No. The output is plain text only. Multi-column layouts are extracted as interleaved lines (see examples above). Tables lose their grid structure and become rows of plain text. If you need a formatted, editable Word document from a PDF, use a dedicated PDF to DOCX tool — this extractor is for raw text content only.

Can I extract tables accurately from a PDF?

Not with this tool — tables are extracted as plain text with no column alignment. For accurate table extraction, use a tool specifically designed for it: pdfplumber (Python), Camelot (Python), Tabula (Java/desktop app), or Adobe Acrobat Pro. These tools detect table structure and can export to CSV or Excel.

How do I handle special characters or symbols that extract incorrectly?

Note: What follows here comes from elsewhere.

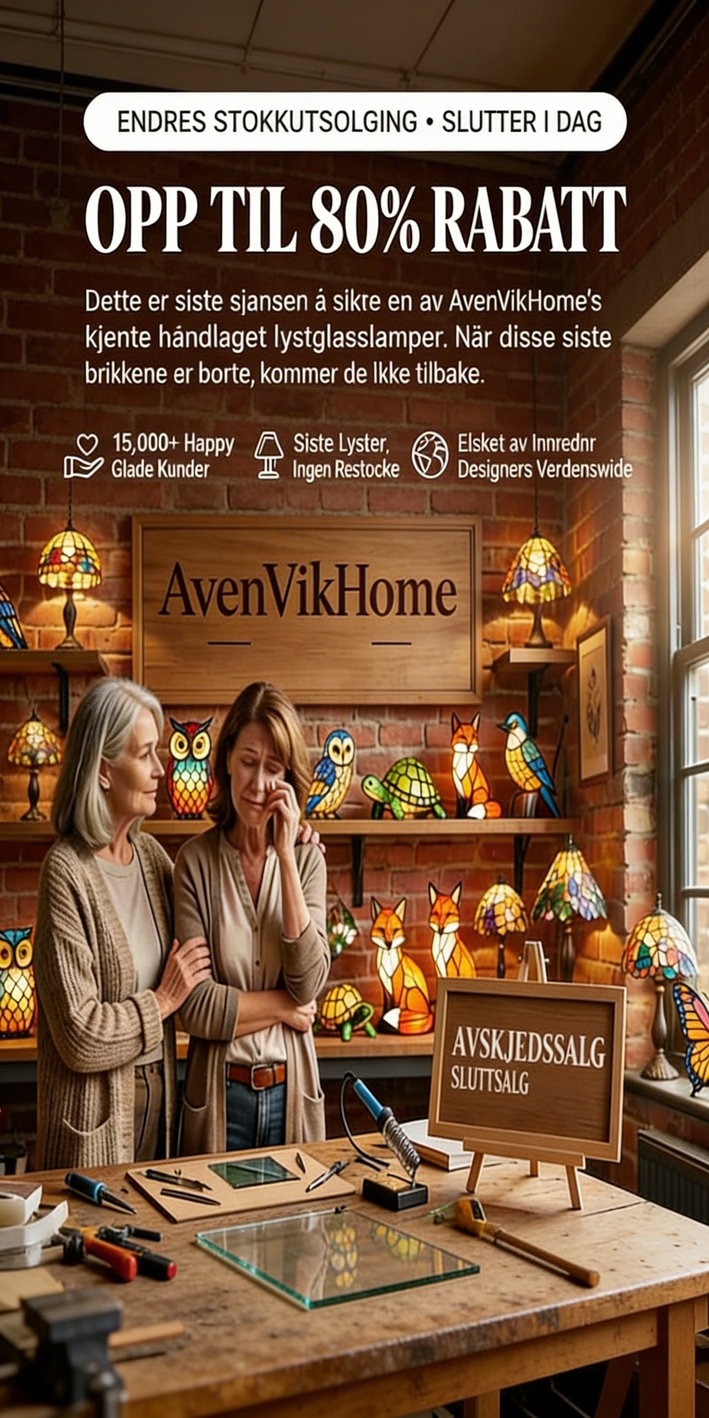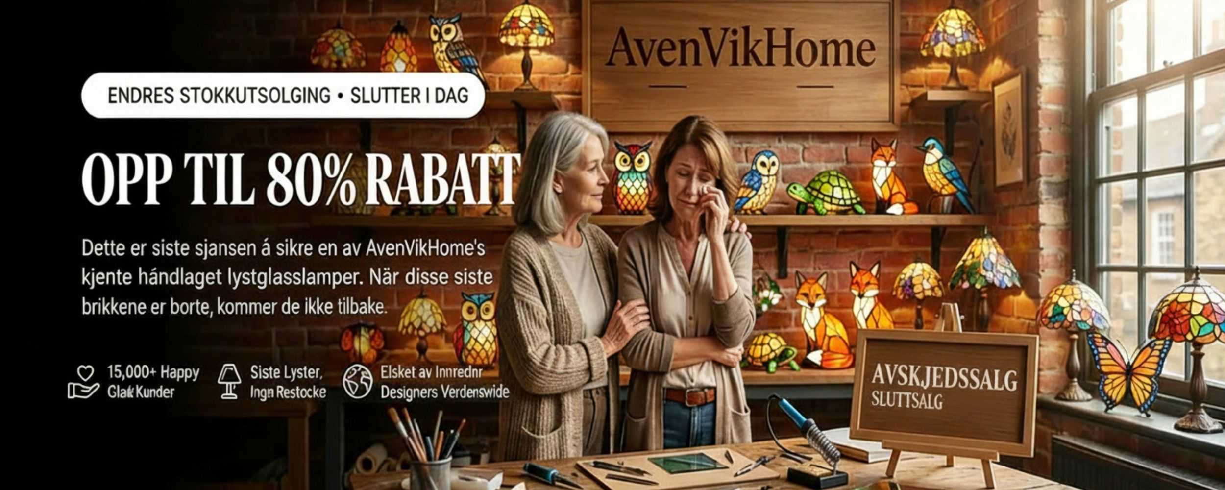 Nå, med bare et begrenset antall håndlagde lamper igjen, lar vi dem gå slik at de kan fortsette sin historie i hjemmet ditt — med rabatter på opptil 80%, helt til de siste produktene finner sitt faste sted.
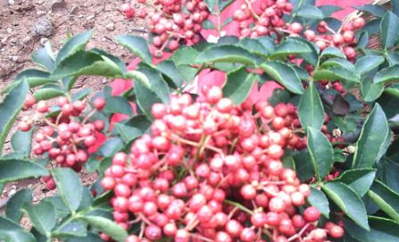 花椒树结果的时期一般在立秋前后,如果花椒已经成熟的话是呈现淡红色或者紫红色,中间会突出来,有的还会裂开,有一股浓郁的味道。

Some PDFs use custom font encodings for symbols, mathematical notation, or ligatures (fi, fl) that PDF.js cannot decode cleanly. These may appear as question marks, boxes, or garbled sequences. For critical passages with special characters, copy those specific sections manually from the PDF viewer as a fallback. For scientific/mathematical PDFs, tools like MathPix or pdfminer are better suited.

Is this tool suitable for legal documents?

Yes — with two conditions. First, the PDF must be text-based (not scanned). Most modern legal documents — digitally signed contracts, court filings generated by software, digital deeds — are text-based. Second, since the tool is browser-based and nothing leaves your device, it is safe for confidential legal material. The extracted text is plain, so you lose formatting, but the content is preserved verbatim.

What is the maximum amount of text that can be extracted?

The tool caps extracted text at 1 MB of characters — roughly equivalent to a 175,000-word document. In practice, even very long PDFs will not approach this limit. If the text exceeds 1 MB, the tool suggests splitting the PDF first with the PDF Splitter.

Can I extract text from a password-protected PDF?

No. Encrypted PDFs cannot be read by the tool. Remove the password first — in most PDF viewers you can go to File → Save As or print to PDF to create an unprotected copy, then extract from that.

What is the word count and character count shown after extraction for?

The word count is useful for: (1) checking if a document fits within an AI model's context window before pasting; (2) verifying length for content systems with limits; (3) understanding reading time. For a more detailed word frequency analysis or readability score, paste the extracted text into the Word Counter tool.

Does the tool work on mobile?

Yes. The tool runs in any modern mobile browser (Safari on iOS 15+, Chrome for Android). For large PDFs on mobile, split the file first with the PDF Splitter to reduce processing load — expect slightly slower extraction on mobile due to reduced RAM and CPU compared to desktop.

Is there a daily limit?

No. Since the tool runs entirely in your browser with no server involvement, there are no daily limits, rate limits, or usage caps. Extract as many PDFs as you need.

Can I extract text from only specific pages?

The tool extracts text from all pages. To extract text from a specific page range, first use the PDF Splitter to isolate those pages as a separate PDF, then extract from that smaller file.